*AVAILABLE RECORDS*
· · · ·

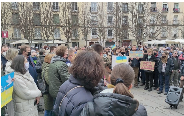
La concentración en Logroño de residentes ucranianos en La Rioja.
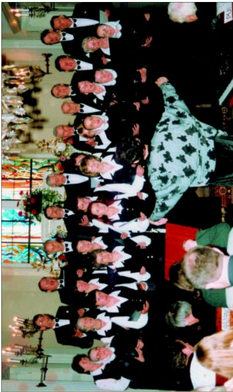
Na wiosennym Zjeździe Chórów Diec. Cieszyńskiej w Wisle Centrum - 26.04.1998 r.
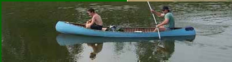
Dyjská mlýnská strouha Znojensko
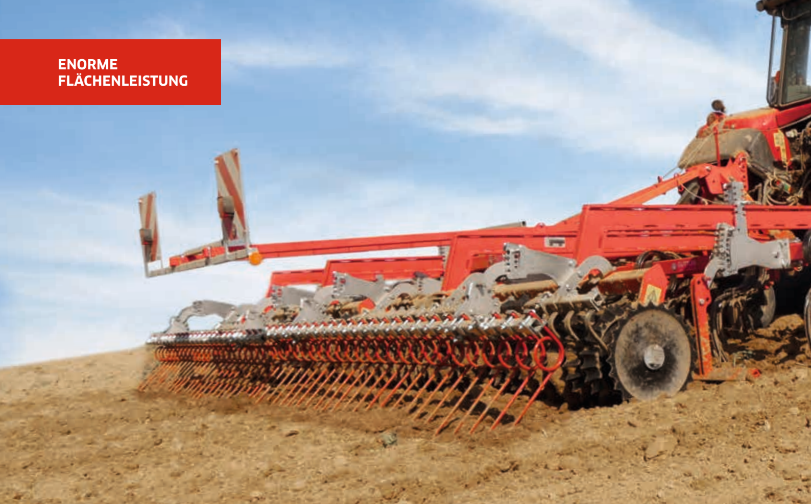
Super Maxx® 60-5 CULTI
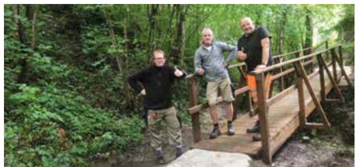
Bild rechts: Innerhalb kürzester Zeit errichteten die Tischler eine neue Brücke.

dem Stadtservice eine komplett neue Brücke. Dafür ein großes DANKESCHÖN!
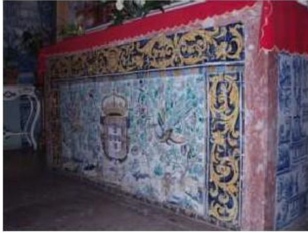
Fig.273 Frontal de altar Convento de Santa Teresa de Jesus de Carnide, Lisboa FA
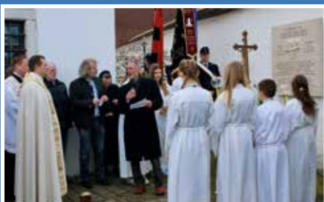
Einweihung Gedenkstein in Möckenlohe
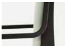
成型合板のフレームと座のシェルが一体化した構造。
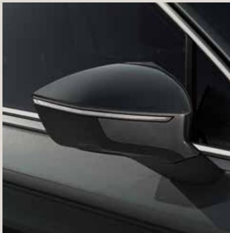
Dark Camouflage*** St XE
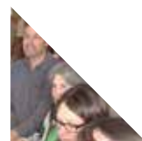
Un autre chemin - La résilience québécoise
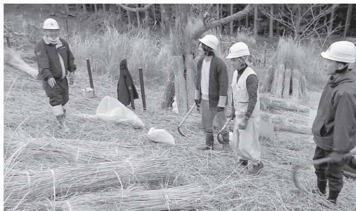
刈り取られた茅を前に

· · · ·

*ASSIGNED TASK*
Every entry above should be duplicated exactly. Do not include the images.

*FINISHED TASK*
La concentración en Logroño de residentes ucranianos en La Rioja.
Na wiosennym Zjeździe Chórów Diec. Cieszyńskiej w Wisle Centrum - 26.04.1998 r.
Dyjská mlýnská strouha Znojensko
Super Maxx® 60-5 CULTI
Bild rechts: Innerhalb kürzester Zeit errichteten die Tischler eine neue Brücke.

dem Stadtservice eine komplett neue Brücke. Dafür ein großes DANKESCHÖN!
Fig.273 Frontal de altar Convento de Santa Teresa de Jesus de Carnide, Lisboa FA
Einweihung Gedenkstein in Möckenlohe
成型合板のフレームと座のシェルが一体化した構造。
Dark Camouflage*** St XE
Un autre chemin - La résilience québécoise
刈り取られた茅を前に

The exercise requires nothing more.